SAN FRANCISCO -- Construction of a 53-mile, $500 million power line that snakes under the San Francisco Bay into the city here was completed yesterday, providing electricity for the first time from cleaner sources of energy to the north.
The Trans Bay Cable, which extends from Pittsburg, Calif., on the east side of the bay under the Bay Bridge, is capable of meeting as much as 40 percent of this city's peak power demand. The line provides access for the first time to wind power projects that until now have been inaccessible.
The 400-megawatt high-voltage cable, built quickly on a five-year timetable, also means the city will be able to shut down its sole remaining power plant, the Potrero Generating Station owned by Atlanta-based Mirant Corp. The plant, fired by natural gas and diesel, is among the dirtiest in the state and has long been considered an unfortunate irony among urban residents who consider themselves among the greenest in the state.

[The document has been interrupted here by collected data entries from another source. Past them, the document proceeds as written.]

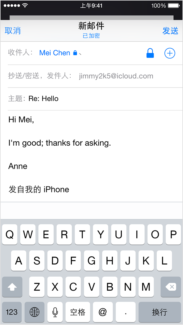 IOS 提供针对 S/MIME 的支持,因此您可以发送加密电子邮件。
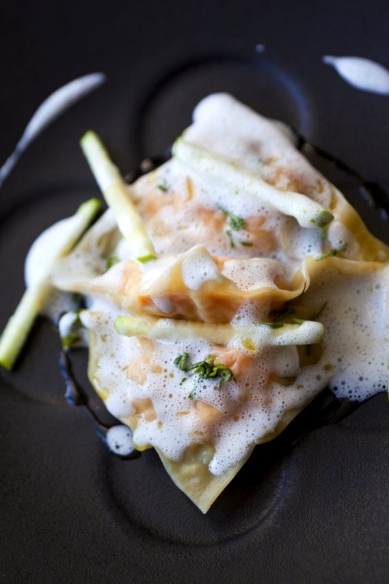 Tagliate le mele verdi a julienne e irroratele con il succo di limone. In una padella fate saltare il salmone affumicato con un cucchiaio di olio e le mele sgocciolate, aggiungete la panna e cuocete a fiamma bassa per 3 minuti. Scolate i ravioli al dente e condite con la crema di salmone amalgamando bene. Quindi servite guarnendo con uova di salmone.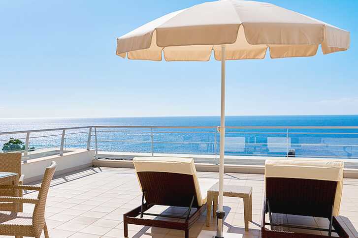 Tilava kulmahuoneisto, suuri kylpyhuone ja laaja terassi suoraan merelle. Hotellin sijainti loistava, kävelymatka keskustaan ja rantabulevardia pitkin upea pitkä kävelyreitti länteen.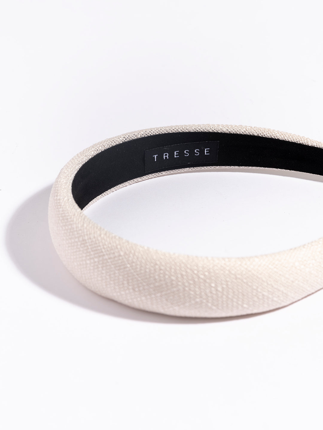 大好評のアリスのシリーズのカチューシャからフォーム部分が麻素材になって登場。ぽてっとした程良いブリューム感がどんな頭の形の人にも似合いやすく、長時間つけていても軽くて頭に馴染みやすいのもポイント。カチューシャ初心者の方に是非お試しいただきたい商品です。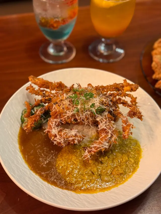 秋風起🍁喫茶ちょうぼ正式迎來一年一度嘅蟹季限定🦀從蟹黃嘅濃郁香氣,到蟹肉嘅鮮甜細膩,每一道料理都藏着秋天嘅奢華滋味呢個秋天,邀你一同展開一場「蟹物語」,嚐盡季節嘅饗宴🦀極強勢!軟殼蟹與濃厚蟹皇膏黃咖喱飯 蟹肉x蟹皇膏x黃咖喱=終極奢華✨以濃郁蟹皇膏搭配香氣滿滿嘅日式黃咖喱🍛軟殼蟹香脆可口🦀入口係滿滿蟹嘅精華✨每一口都係大滿足😛蟹旨膏醬唐揚炸雞 金黃香脆嘅日式唐揚炸雞🍗遇上濃厚蟹膏醬汁,鹹香與鮮甜交織,意想不到嘅絕妙滋味😛炸雞外脆內嫩,非常juicy💦屋台風蒜香貝殼意粉 意粉上面有青口同蜆肉,大大件啖啖肉,味道鮮甜😛成碟意粉充滿濃郁蒜香味🧄意粉彈牙入味🍝吸盡精華✨完熟南瓜!濃香芝士蛋糕 外型好似切開咗嘅南瓜一樣🎃蛋糕口感鬆軟,濃郁南瓜味,中間南瓜忌廉creamy😛夏祭金魚梳打 係我最愛嘅金魚🐟賣相好靚嘅梳打🍹有一條條金魚造型啫喱喺入面,打卡一流👍🏻 波子汽水味,清甜得嚟好fresh🌿柿子香露味道香甜嘅柿子香露,口感順滑,唔會好甜👍🏻酸酸甜甜,夠晒清爽🧊…查看更多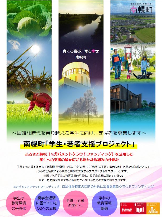 子育てを応援する町「北海道南幌町」では、ふるさと納税を活用してコロナ禍の学生・若者を応援する「学生・若者支援プロジェクト」を行っております。本プロジェクトは、南幌町がふるさと納税で募集した寄付金を趣旨に賛同する学校に助成し、学生への支援等に役立てられるしくみです。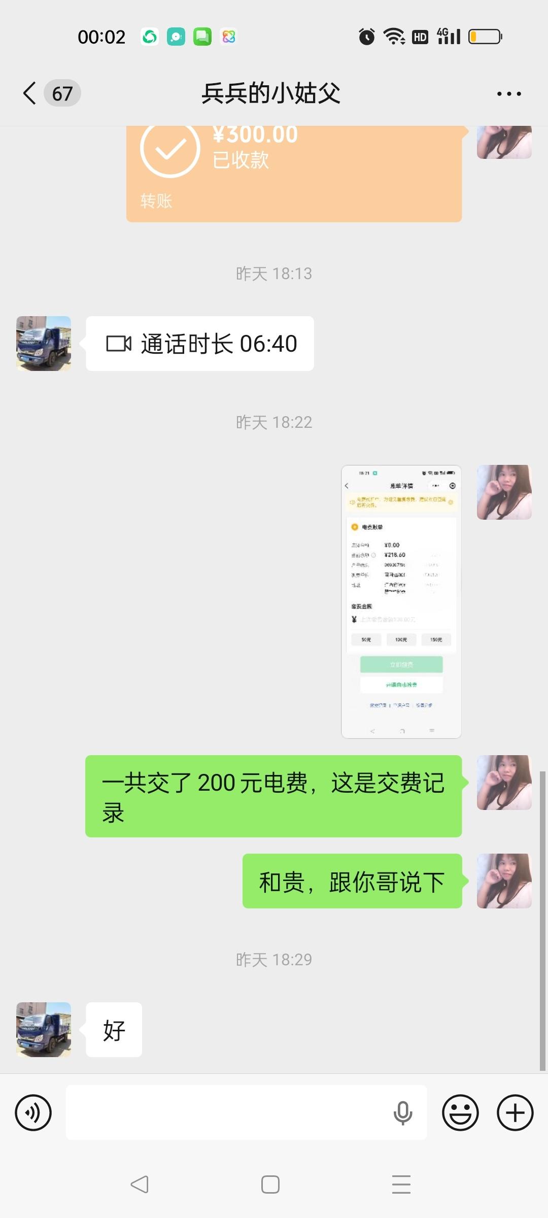 这会儿他就知道我的厉害了,求我帮他,我说没有钱,他又拉黑了我的微信,然后他就叫他的妹夫转300元钱给我交电费。

The project was started in September 2005 with the idea that the Potrero plant could finally be taken offline following years of public outcry. A spokeswoman for the California Independent System Operator said that vision remains in place, though Mirant still has to file the necessary paperwork to close down the facility while the ISO continues to monitor Trans Bay to make sure it is working properly.
"We are watching the operational success of Trans Bay," said Stephanie McCorkle, director of communications at the ISO.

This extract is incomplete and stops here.